The classification challenge

k-Nearest Neighbors

  • Basic idea: Predict the label of a data point by
    • Looking at the 'k' closest labeled data points
    • Taking a majority vote

Oversimple example

  • If it were knn 3 than the center dot would be red since its 3 nearest neighbors are 2 red and 1 green
  • If it were knn 5 than it would be green. 3 green and 2 red

k-NN: Intuition

  • At some point things converge and you have your groups

Scikit-learn fit and predict

  • All machine learning models implemented as python classes
    • They implement the algorithms for learning and predicting
    • Store the information learned from the data
  • Training a model on the data = 'fitting' a model to the data
    • .fit() method
  • To predict the labels of new data:
    • .predict() method

Using scikit-learn to fit a classifier

  • The scikit-learn api requires:
    • data as a numpy array or pandas data frame
    • the feature take on continuous values (like the price of a house, as opposed to a category, big or small house)
    • no missing values in the data
    • the features are in an array where each column is a feature and each row is an observation
In [20]:
from sklearn.neighbors import KNeighborsClassifier
knn = KNeighborsClassifier(n_neighbors = 6)
knn.fit(iris['data'], iris['target'])
Out[20]:
KNeighborsClassifier(algorithm='auto', leaf_size=30, metric='minkowski',
           metric_params=None, n_jobs=1, n_neighbors=6, p=2,
           weights='uniform')
In [21]:
iris['data'].shape
Out[21]:
(150, 4)
In [22]:
iris['target'].shape
Out[22]:
(150,)

Prediciting on unlabeled data

In [23]:
X_new = iris['data'][[0,10,100,149],:] + np.random.random((4, 4))
X_new
Out[23]:
array([[ 5.98152014,  4.38435066,  1.43106267,  0.82202612],
       [ 5.54677668,  4.09813301,  2.22530634,  1.05753222],
       [ 6.65302452,  3.57896117,  6.57043984,  3.0251391 ],
       [ 5.98829296,  3.45623095,  5.87653347,  2.11225632]])
In [24]:
prediction = knn.predict(X_new)
X_new.shape
print('Prediction {}'. format(prediction))
Prediction [0 0 2 2]
  • the first two are setosa and the second two are virginica

k-Nearest Neighbors: Fit

  • Note the use of .drop() to drop the target variable 'party' from the feature array X as well as the use of the .values attribute to ensure X and y are NumPy arrays.
  • Without using .values, X and y are a DataFrame and Series respectively;
    • the scikit-learn API will accept them in this form also as long as they are of the right shape.
In [25]:
# Import KNeighborsClassifier from sklearn.neighbors
from sklearn.neighbors import KNeighborsClassifier

# Create arrays for the features and the response variable
y = vote_clean['party'].values
X = vote_clean.drop('party', axis=1).values

# Create a k-NN classifier with 6 neighbors
knn = KNeighborsClassifier(n_neighbors = 6)

# Fit the classifier to the data
knn.fit(X, y)
Out[25]:
KNeighborsClassifier(algorithm='auto', leaf_size=30, metric='minkowski',
           metric_params=None, n_jobs=1, n_neighbors=6, p=2,
           weights='uniform')

k-Nearest Neighbors: Predict

  • Having fit a k-NN classifier, you can now use it to predict the label of a new data point.

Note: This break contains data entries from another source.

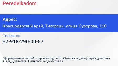 Peredelkadom по адресу Краснодарский край, Тихорецк, улица Суворова, 110 в дальнейшем Организация, размещена в следующих категориях:
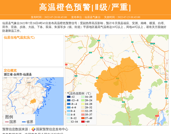 仙居县气象台2022年7月20日8时45分发布高温橙色预警信号:受副热带高压影响,预计今天我县福应、安洲、南峰、横溪、白塔、田市、官路、步路、大战、下各、双庙、朱溪等乡(镇、街道)平原地区最高气温将达38℃以上,局地40℃以上,请有关方面做好防暑降温工作。 信息来源:国家预警信息发布中心; 发布单位:仙居县气象台。
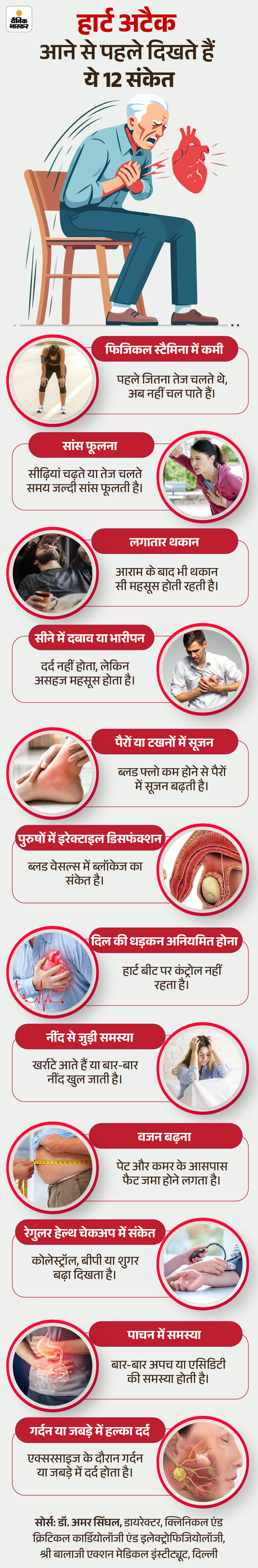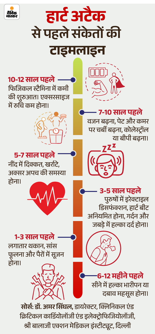 हार्ट अटैक अचानक नहीं आता। सालों पहले शरीर में छोटे-छोटे बदलाव दिखने लगते हैं। ये संकेत अगर समय पर समझ लिए जाएं तो डॉक्टर की मदद से बड़ा खतरा टाला जा सकता है। स्टडीज बताती हैं कि ये क्लू 10-12 साल पहले से शुरू हो सकते हैं। लेकिन ज्यादातर लोग इन्हें थकान या उम्र समझ लेते हैं। यहां 12 ऐसे संकेत हैं जो दिल की समस्या का इशारा दे सकते हैं।
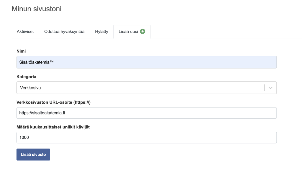 Kun olet lisännyt tarvittavat tiedot, klikkaa ”lisää sivusto” painiketta.
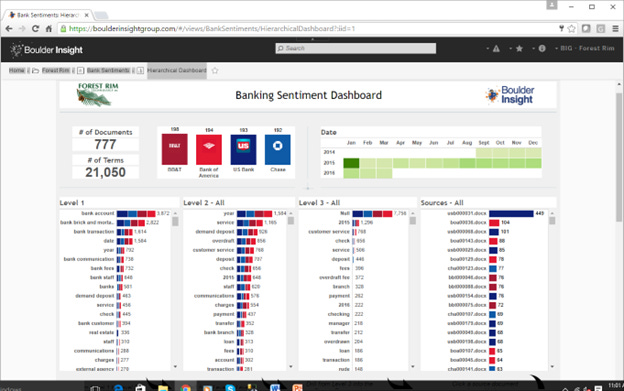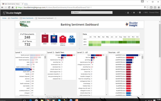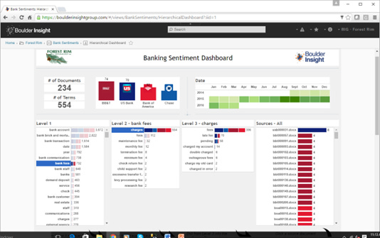 Fig 5 shows that in level 2 there is a breakdown of exactly what people have to say about bank fees. In other words, what is it about bank fees that is on people’s minds as they make a complaint. The ability to do the drill down is a result of the contextual analysis that has been done.
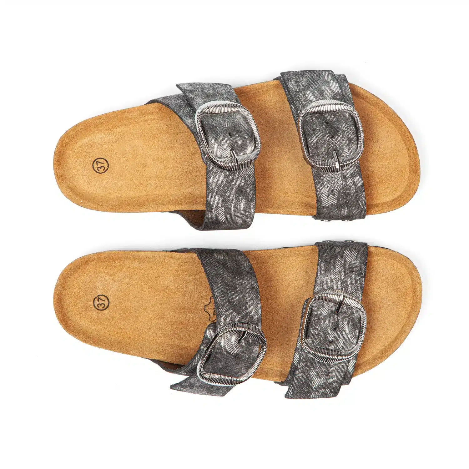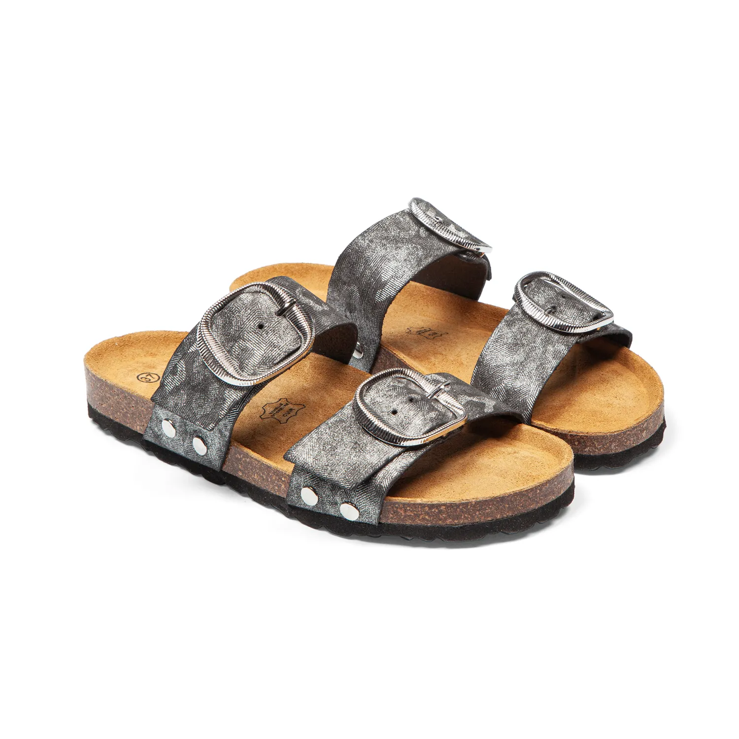 Deux brides généreuses qui sculptent votre pied avec assurance. Les grandes boucles ovales argentées se règlent séparément pour un maintien personnalisé. Largeur standard qui accueille votre pied sans contrainte. Maintien affirmé qui ne craint pas d’être vu, vous glissez vos pieds en un geste. - Semelle EVA souple + liège isolant
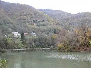![]() Східна околиця села і водосховище на річці Ріка (2018 р.) | |||
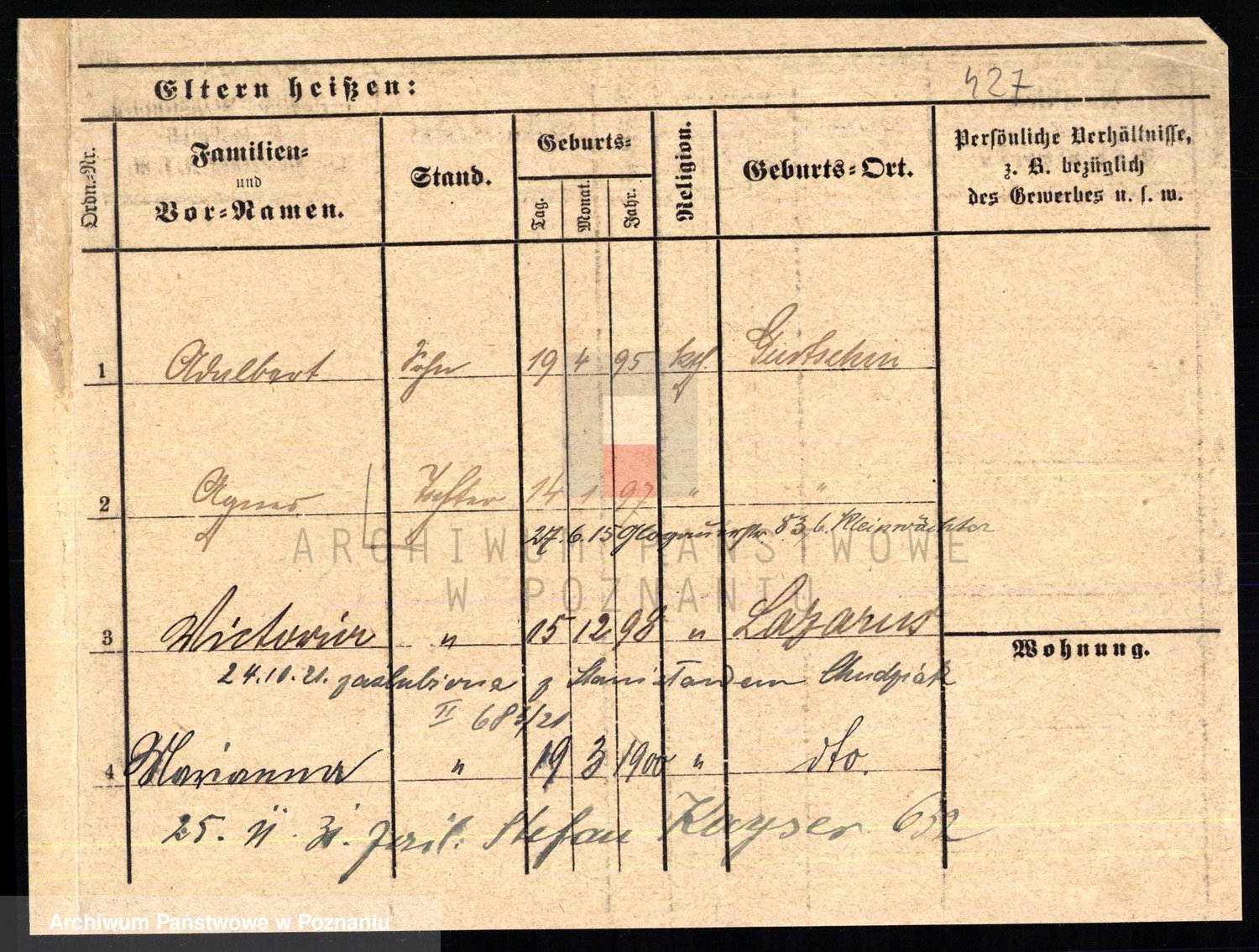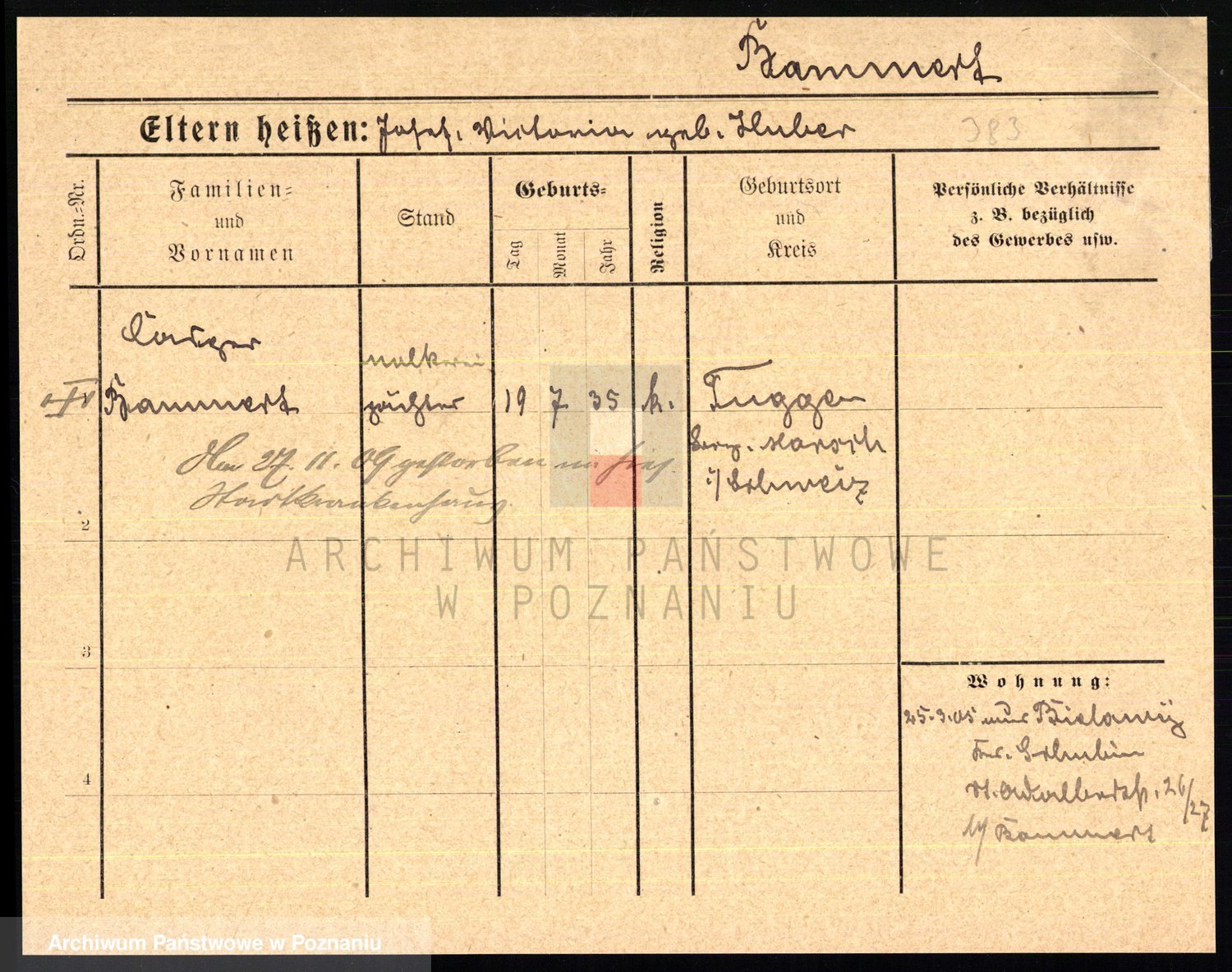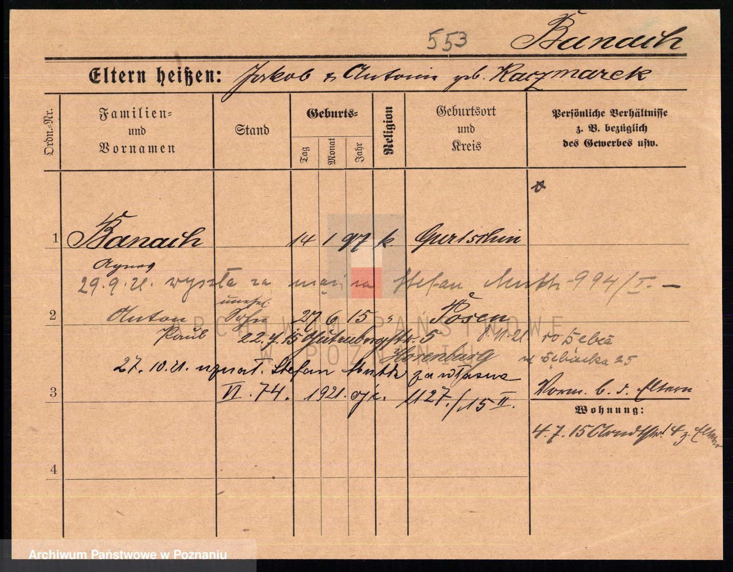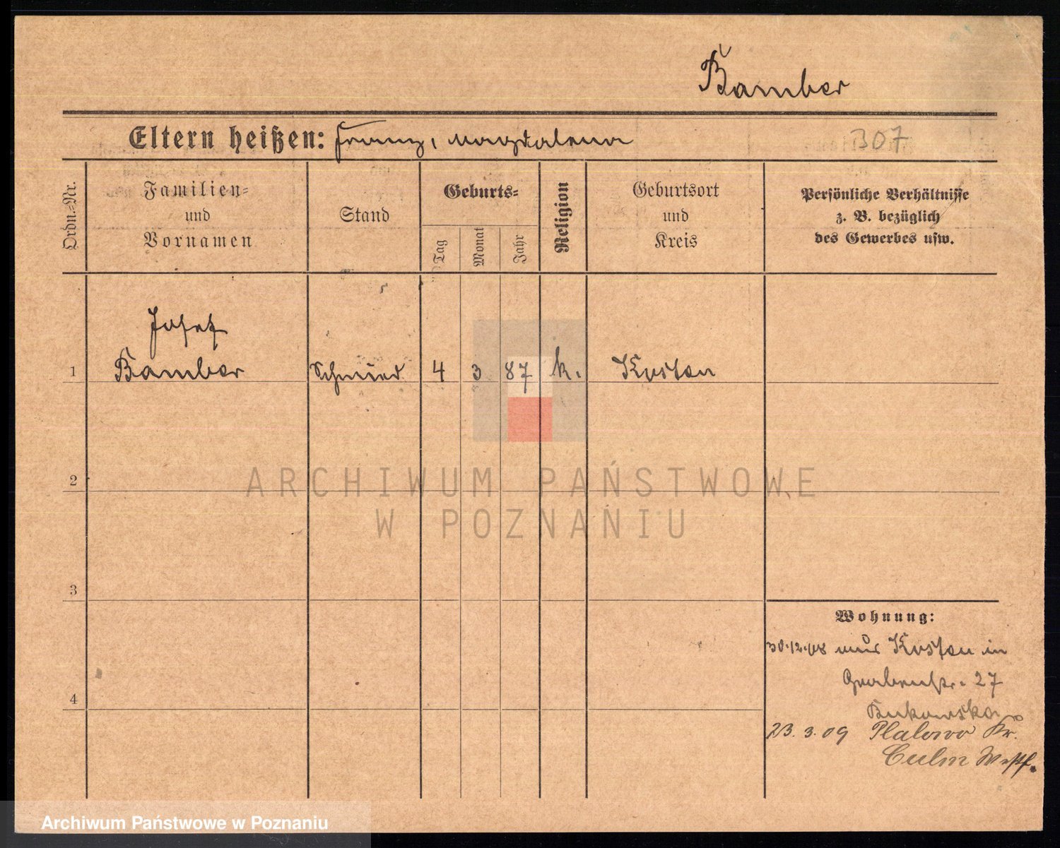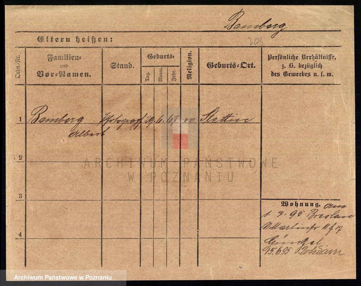 Podgląd karty osobowej dostępny jest po kliknięciu na nazwisko lub ikonkę karty. Można dokonywać powiększenia (ikony na górze) lub przechodzić między kolejnymi skanami (strzałki po bokach).

    • However, there is no unlabeled data available since all of it was used to fit the model!
    • You can still use the .predict() method on the X that was used to fit the model, but it is not a good indicator of the model's ability to generalize to new, unseen data.
  • In the next video we will cover splitting our data to fix this issues

    • For now, a random unlabeled data point has been generated and is available to you as X_new.
    • You will use your classifier to predict the label for this new data point, as well as on the training data X that the model has already seen.
    • Using .predict() on X_new will generate 1 prediction, while using it on X will generate 435 predictions: 1 for each sample.
In [26]:
# Import KNeighborsClassifier from sklearn.neighbors
from sklearn.neighbors import KNeighborsClassifier 

# Create arrays for the features and the response variable
y = vote_clean['party'].values
X = vote_clean.drop('party', axis = 1).values

# Create a k-NN classifier with 6 neighbors: knn
knn = KNeighborsClassifier(n_neighbors = 6)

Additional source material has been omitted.